- Genre: Documentary
- Presented by: Adam Hart-Davis
- Composer: David Mitcham
- Country of origin: United Kingdom
- Original language: English
- No. of series: 1
- No. of episodes: 4

Production
- Producer: Paul King
- Editor: Maggie Ward
- Running time: 23 minutes

Original release
- Network: BBC Two
- Release: 21 October – 11 November 2002

= What the Stuarts Did for Us =

What the Stuarts Did for Us is a 2002 BBC documentary series that examines the impact of the Stuart period on modern society.

==Episodes==

===Episode one: Desygner Livinge===

In the beginning of the Stuart Period a curious new device appeared, it looks like a church bell but in fact it's an exercise machine. This machine was one of many trendy new ideas that enhanced the life style of the Stuarts. It was the beginning of designer living.
— Adam Hart-Davis

Hart-Davis travels around Britain to introduce the idea and inventions of the Stuart Period in architecture and life-style.

- Neo-classical architecture was introduced to London by Inigo Jones and Christopher Wren following the Great Fire of London.
- The fountain pen was first mentioned in the diaries of Samuel Pepys and it allowed him to write on the move.
- Coffee houses drew people from far and wide with their pleasant smell and allowed sober social intercourse.
- Gyms were born from bell-ringing clubs with dumbbells invented for those that could not make it to the church towers.
- Colourfast dyes were created in Britain's first chemical works at Ravenscar when supplies of the mordant alum were cut off.
- The three-piece suit and necktie were created by Charles II as a political weapon in his war against France.

===Episode two: The Applyance of Science===

Before Stuart times the man who really ruled the scientific roost was the Greek philosopher Aristotle, even if he had been dead for 2000 years. But by the 1600s his ideas were becoming discredited and the Stuarts needed a new approach to understanding nature.
— Adam Hart-Davis

Hart-Davis travels around Britain to introduce the idea and inventions of the Stuart Period in science and engineering.

- Experimental science was introduced by the Lord Chancellor Francis Bacon who died inventing the frozen chicken.
- Properties of gases investigated by Robert Boyle and Richard Towneley led to Denis Papin's invention of the pressure cooker.
- The steam engine was invented by Thomas Newcomen to drain water from the coalmines of the Midlands.
- The pendulum clock based on Galileo's principles was invented by Christiaan Huygens and led to the establishment of GMT.
- Principia by Isaac Newton established three simple laws that revolutionised our view of the universe.

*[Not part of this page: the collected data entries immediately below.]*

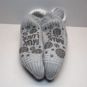 Muk Luks Aloe Infused Cabin Socks Slippers S/M Thick Stripes Grippers Grey
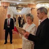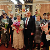 Сергей Маненков поздравил семейную пару с «золотой свадьбой» и вручил памятные подарки. Пожелал здоровья, благополучия, мира, добра и долгих счастливых лет совместной
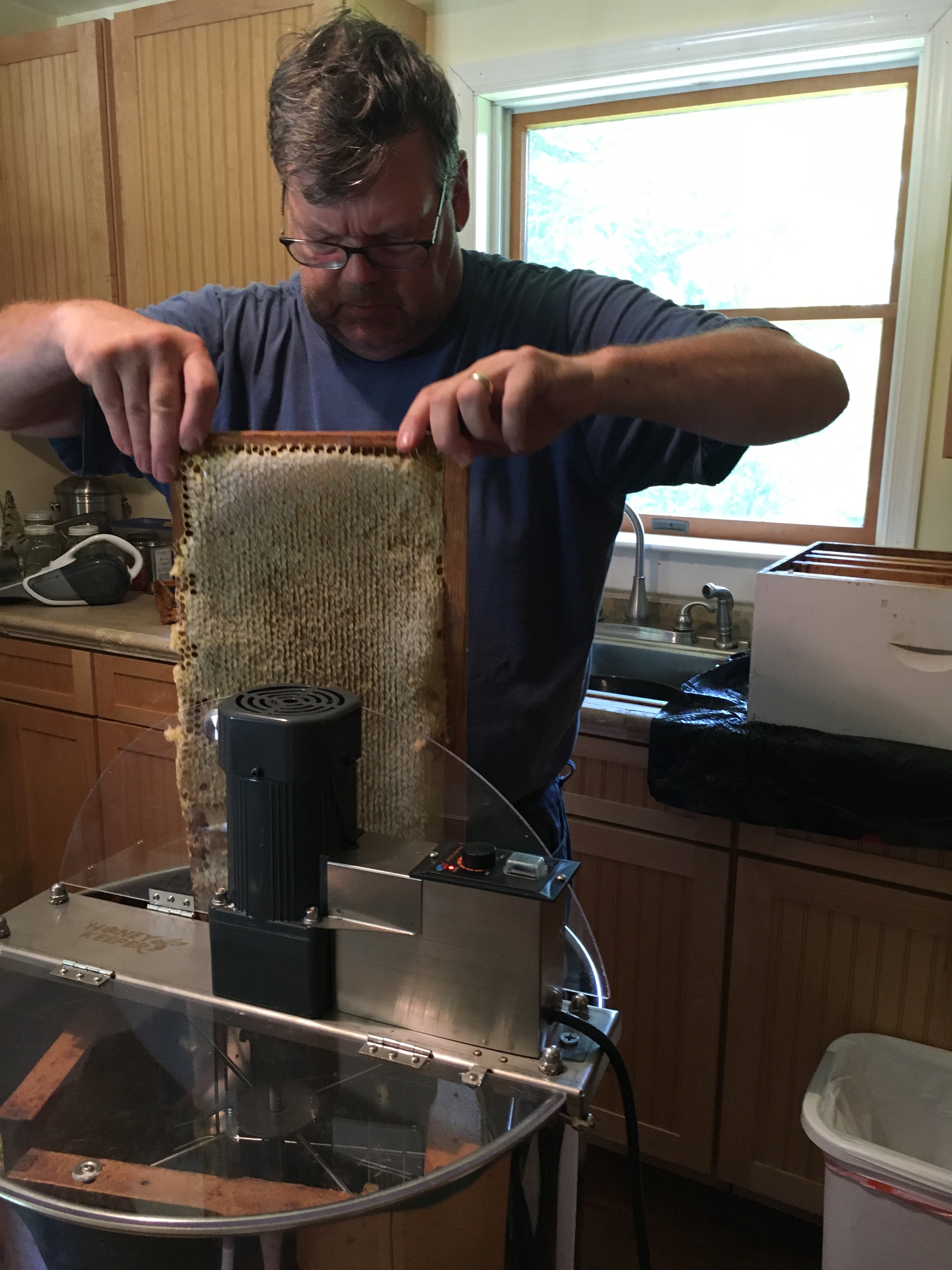 We pulled four frames of honey today. They were capped and we are so afraid that the local bear will defeat our electric fence and get to the hives again that we decided to pull some honey as soon as possible.

===Episode three: The Organysed Isle===

Travel by coach was all the rage for the Stuarts and once regular public transport had filled the road with traffic, thieves like Moll [Cutpurse] were guaranteed a regular income. She was just one entrepreneur profiting from a Britain that was more organised than ever before.
— Adam Hart-Davis

Hart-Davis travels around Britain to introduce the idea and inventions of the Stuart Period in economics and politics.

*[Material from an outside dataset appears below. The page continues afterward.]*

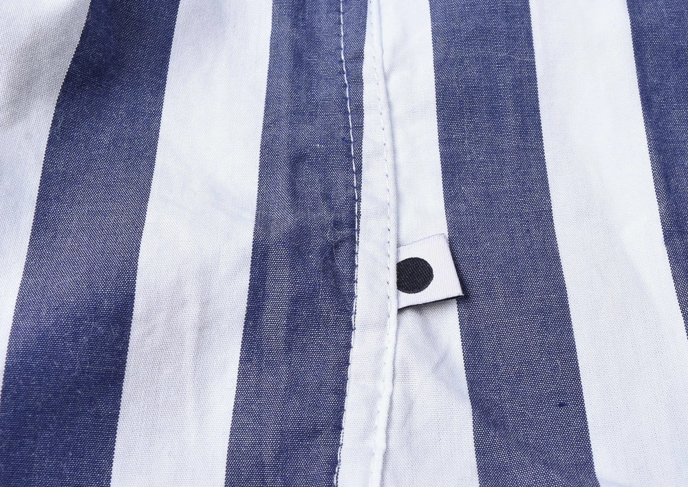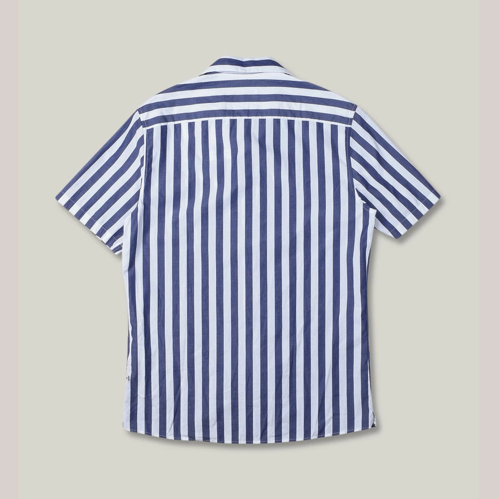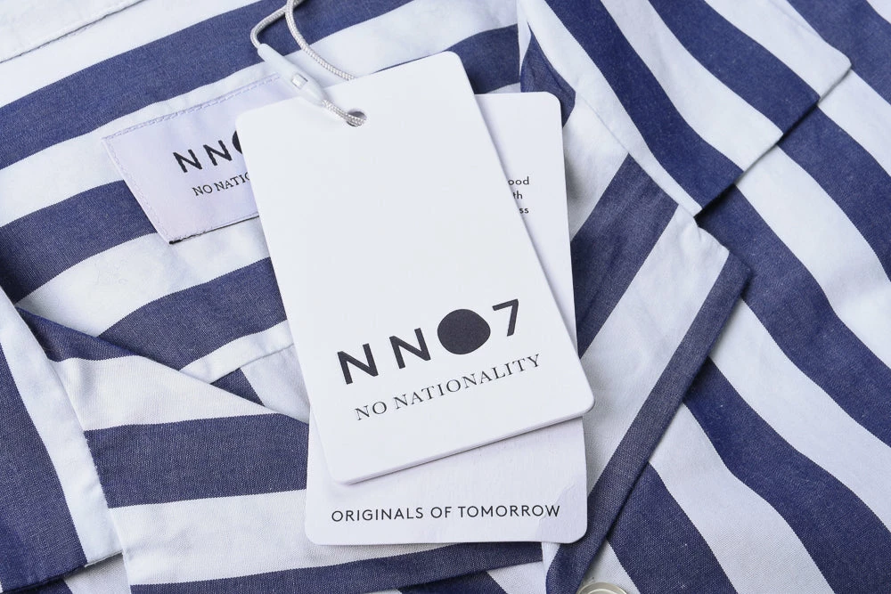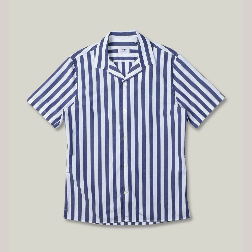 Classic camp collar number from the Scandinavian brand No Nationality, made in a lightweight striped cotton of white and blue. Details include split side hems and pearlescent buttons.

- The Union Flag was designed for King James who united the kingdoms of England and Scotland into Great Britain.
- Public transport was introduced to England by Captain Bailey who standardised fares and issued licences for London Hackney Carriage.
- Road signs and the first road atlas by John Ogilvy further revolutionised the transport system and standardised the mile.
- The seed drill allowed Jethro Tull to put his revolutionary new planting techniques into practice leading to modern agriculture.
- The Fire Office of Nicholas Barbon led to the development of the first professional fire service.
- The Bank of England founded by William Paterson led to the creation of paper money and the national debt.
- The constitutional monarchy introduced following the restoration of Charles II is the backbone of the UK's modern political system.

===Episode four: Newe Worldes===

In a Dutch spectacle shop a chap called Zacharias Jantzen looked through two lenses at once and got the shock of his life, he was seeing the world in super-close-up. Jantzen had made the first microscope, giving the Stuarts a window into an entirely new miniature world.
— Adam Hart-Davis

Hart-Davis travels around Britain to introduce the idea and inventions of the Stuart Period in science and science-fiction.

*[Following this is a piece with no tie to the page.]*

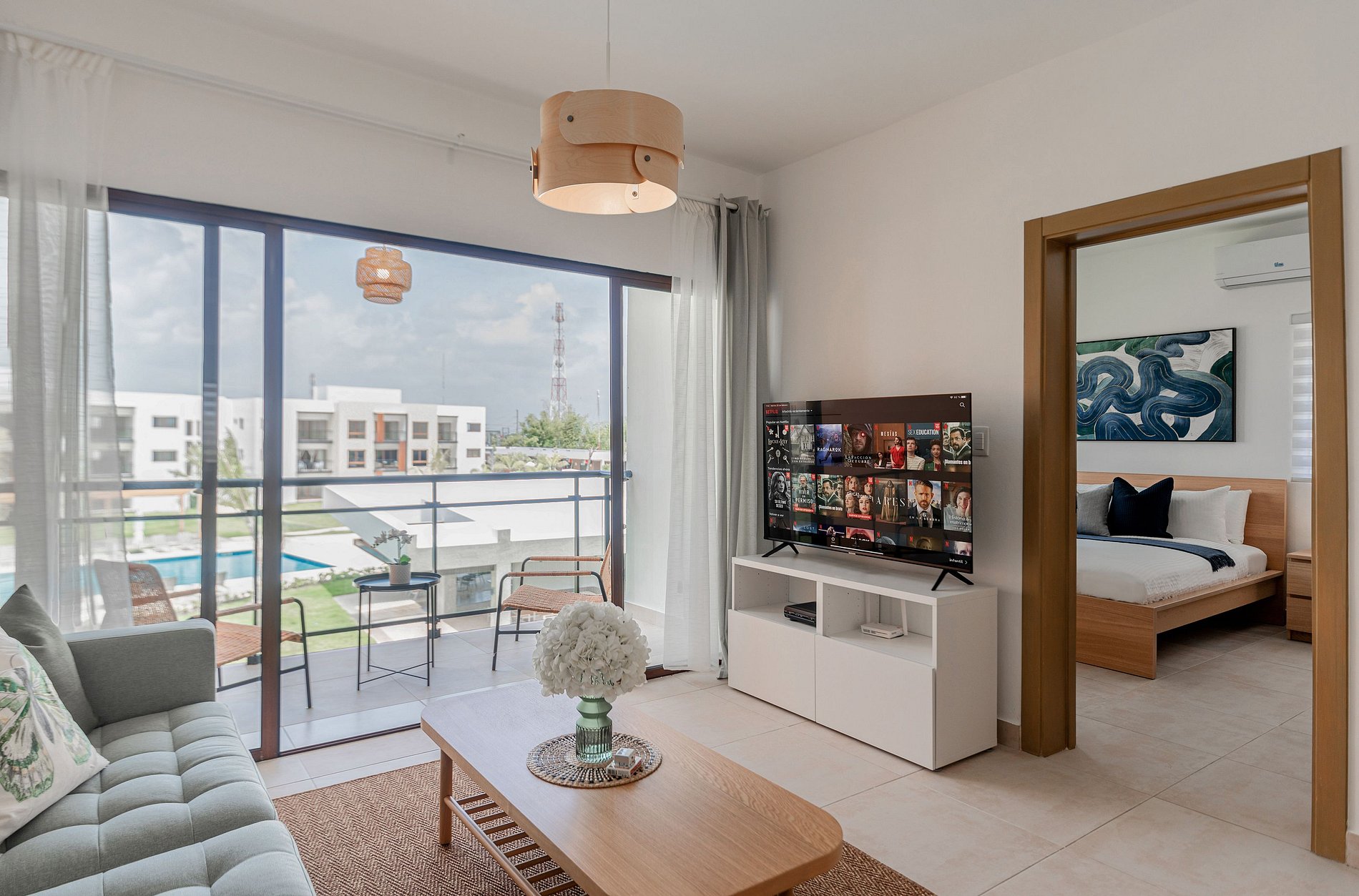 Abre las puertas al balcón y déjate seducir por la vista panorámica a la piscina.

- The microscope as refined by Robert Hook and Antonie van Leeuwenhoek allowed the microscopic world to be viewed in detail.
- The diving bell as refined by Edmund Halley allowed the investigation of the depths of the ocean.
- Lunar observations of John Wilkins based on the previous observations of Galileo challenged long held views of the heavens.
- The micrometer devised by William Gascoigne proved Johannes Kepler's theories of elliptical planetary motion.
- Science-fiction was developed through the imaginations of Cyrano de Bergerac and Bishop Francis Godwin.